According to people close to the SP group, the move by Mistry group to seek cashless settlement marks a departure from an earlier stance where it was considering accepting staggered payments from Tata Sons over an extended period of time. The arrangement will help reduce the possibility of any additional debt on Tata group, the Mistry family said in the application filed in the Supreme Court. Mint had reported on September 29, that the Mistry family is expected to share the details of the offer in the Supreme Court, making it a part of the plea for relief it is seeking from the court in a minority shareholder oppression case. The next hearing of the case is scheduled on November 3.
While Tata Sons did not immediately respond to requests for comment on the settlement offer, a person close to the group said that the terms offered may not be entirely acceptable in the current form. “Management and the legal team is currently examining the settlement application. But this is vastly different from the initial stated intent of a complete separation from Tata group.
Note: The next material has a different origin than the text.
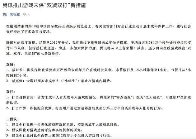 前一天(8月3日),腾讯就表示将从《王者荣耀》试点,逐步面向全线游戏推出“双减、双打、三提倡”的七条新举措。
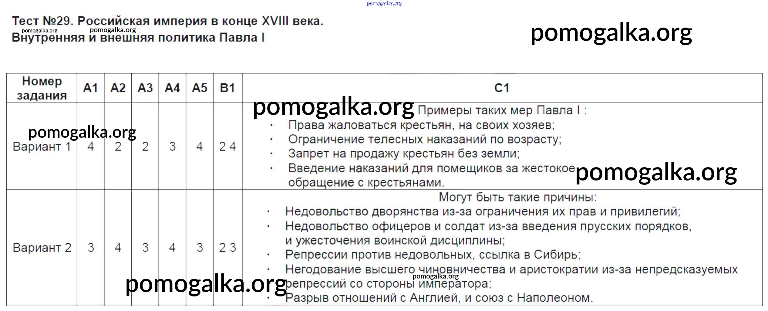 Готовые ответы - История 7 класс КИМ Смирнов Ю.А. - тест 29

This sort of arrangement would in fact give the Mistry family, which is the single largest shareholder in Tata Sons, more say in the listed companies by virtue of their shareholding,” said this person declining to be named. “ The most contentious issue in the Mistry offer is likely to be the proposed splitting of promoter stake in Tata Consultancy Services ( TCS), which is the most valuable company in the Tata stable and enduring source of capital for Tata Sons'' said a second person, a former Tata Sons official.
On 22 September, the Mistry family, which is fighting several court cases with Tata Group, said that a separation from the Tata Group is necessary due to the potential impact this continuing litigation could have on livelihoods and the economy. For this, the family said that it was crucial that an early resolution be reached to arrive at a fair and equitable solution reflecting the value of the underlying tangible and intangible assets. The statement followed a long, protracted legal battle between the two groups, which started in December 2016, after Cyrus Mistry was removed from the post of chairman of Tata Sons in October of that year. In December 2019, the National Company Law Appellate Tribunal (NCLAT) ruled in the favour of Mistry firms. The final straw came on 5 September, Tatas objected to SP group’s move to pledge its Tata Sons stake with lenders to meet its debt obligations. According to analysts a complete buyout of Mistry family’s stake would require Tata Sons to make an upfront cash payment to the tune of ₹1,75,000, which in turn adds a significant debt burden on Tata group which continues to headwinds in several of its businesses. "While the SP group’s structure reduces the cash burden for Tata Sons, swapping the shares with those of the listed companies only reverses what Tata Sons has been trying to accomplish over the past 24 months – to shore up equity and reduce cross-holdings in the operating subsidiaries. But having decided to part ways, it is up to both groups to work together to carve out a sensible exit in the interest of all stakeholders," said Hetal Dalal, COO, institutional investor advisory services.